When paradise became purgatory

Floyd Russell lived through the Labor Day hurricane that struck the Florida Keys in 1935. Many of his relatives weren't so lucky.

Published September 18, 2005

ST. PETERSBURG - The television is tuned to Fox News over at Floyd Russell's house on Snell Isle. Horrific images of New Orleans and Mississippi roll across the screen. After a while Floyd has to change the channel and watch Antiques Roadshow on PBS for relief. Then he tries WXPX-Ch. 17, for baseball. He is a big Devil Rays fan. He hopes they don't trade Rocco Baldelli, his favorite player.

His attention returns to Fox News and more hurricane coverage, more dead bodies, more homeless people - more Katrina all the time.

Mute button.

"I get tired of it," he says. "After a while, I am hungry for news other than the hurricane. With the sound off at least I can read the headlines about other news crawling across the bottom of the screen."

He isn't indifferent to the suffering happening on the northern Gulf Coast. The opposite is true. For him watching is especially painful.

His feelings have much to do with what happened to him when he was a boy, 8 years old, and living with his family on South Florida's Matecumbe Key, in the little community of Islamorada.

Life in the Florida Keys in 1935 could have been a page torn from Tom Sawyer.

He and his cousins - 53 Russells lived on Matecumbe alone - played in the lime groves.
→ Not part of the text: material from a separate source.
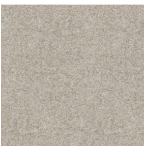
ELAINA Naturel 26

They collected fiddler crabs. They waved to the train as it chugged across the island on its way to Key West 80 miles distant. Nobody had electricity on Matecumbe. The nights were so black the stars almost cast shadows.

On Labor Day a storm blew in from the Atlantic.

When it was over 38 of his relatives were gone. They were victims of what is still the most powerful hurricane to ever strike the United States.

He is 78 now and lives with his memories of those 200 mph winds and the 18-foot tidal surge.

"I really don't like to live in the past," he says. "You know, I really don't talk about the 1935 hurricane that much."

On the other hand, he is the family historian.

He lost his mother, two sisters and two brothers in his hurricane.

When they stop counting the dead on the northern Gulf Coast, he hopes nobody else will be able to say the same.

No Weather Channel

During hurricane season, Russell and his wife, Melissa, watch the Weather Channel as if they have been hypnotized.

"You better pay attention if you live in Florida," she says.

It is impossible for a hurricane to sneak up on the United States - at least today. Satellites notice the storms as soon as they form off the African coast, in the Caribbean or in the gulf. Then meteorologists study computers and wind models to figure out where the storm might go. But still, as those folks in Louisiana and Mississippi and Punta Gorda well know, hurricane forecasting is hardly an exact science.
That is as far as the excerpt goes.